▶ [YOUR OBJECTIVE] For this exercise, restate every line below word for word and drop the images.

▶ [INFORMATION SUPPLIED]
================================

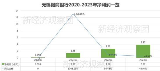 净利润表现同样如此。2020年,锡商银行的净利润仅为0.098亿元,但在2021年迅速增长至1.38亿元,同比增长了近14倍。在2022年,净利润上升至2.67亿元,同比增长93.48%。2023年,锡商银行实现净利润3.87亿元,较2022年仅增长了约45%。四年时间里,锡商银行净利润增长超39倍,但净利润增速已经明显回落。
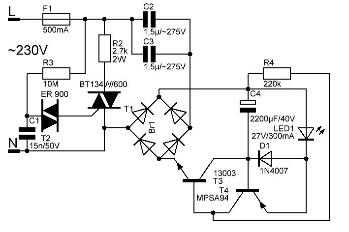 Mit Sicherheit nicht. Die verwendete LÉD kann eigendlich 50W und dann muss der Störimpuls noch an den 2200 µF Kondensator vorbei. @Lothar Die Transistoren, die du ausgewählt hast haben eine viel höhere Stromverstärkung als die, die ich verwendet habe. Du müsstest den R1 dann auf 1,8MOhm erhöhen.
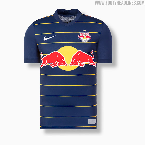 Basierend auf der gleichen Template, ist das Nike Red Bull Salzburg 2021-22 Auswärtstrikot dunkelblau mit gelben Querstreifen und einem weißen Swoosh.
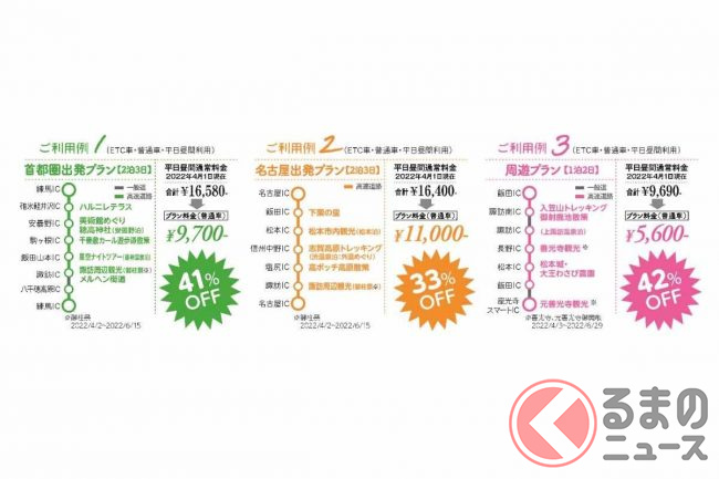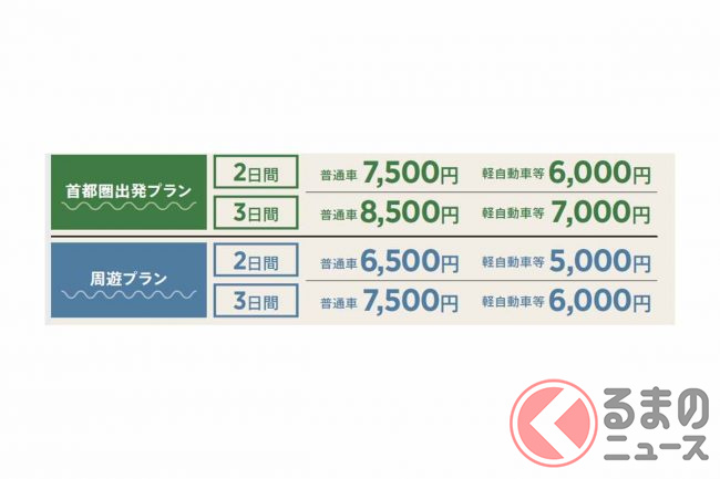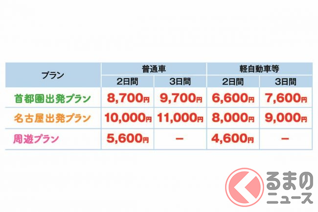 価格は、周遊プランが普通車5600円、軽自動車等4600円。首都圏出発プランが普通車8700円から、軽自動車等6600円から、名古屋出発プランが普通車1万円から、軽自動車等8000円からです。

================================

▶ [WRITTEN RESPONSE]
 净利润表现同样如此。2020年,锡商银行的净利润仅为0.098亿元,但在2021年迅速增长至1.38亿元,同比增长了近14倍。在2022年,净利润上升至2.67亿元,同比增长93.48%。2023年,锡商银行实现净利润3.87亿元,较2022年仅增长了约45%。四年时间里,锡商银行净利润增长超39倍,但净利润增速已经明显回落。
 Mit Sicherheit nicht. Die verwendete LÉD kann eigendlich 50W und dann muss der Störimpuls noch an den 2200 µF Kondensator vorbei. @Lothar Die Transistoren, die du ausgewählt hast haben eine viel höhere Stromverstärkung als die, die ich verwendet habe. Du müsstest den R1 dann auf 1,8MOhm erhöhen.
 Basierend auf der gleichen Template, ist das Nike Red Bull Salzburg 2021-22 Auswärtstrikot dunkelblau mit gelben Querstreifen und einem weißen Swoosh.
 価格は、周遊プランが普通車5600円、軽自動車等4600円。首都圏出発プランが普通車8700円から、軽自動車等6600円から、名古屋出発プランが普通車1万円から、軽自動車等8000円からです。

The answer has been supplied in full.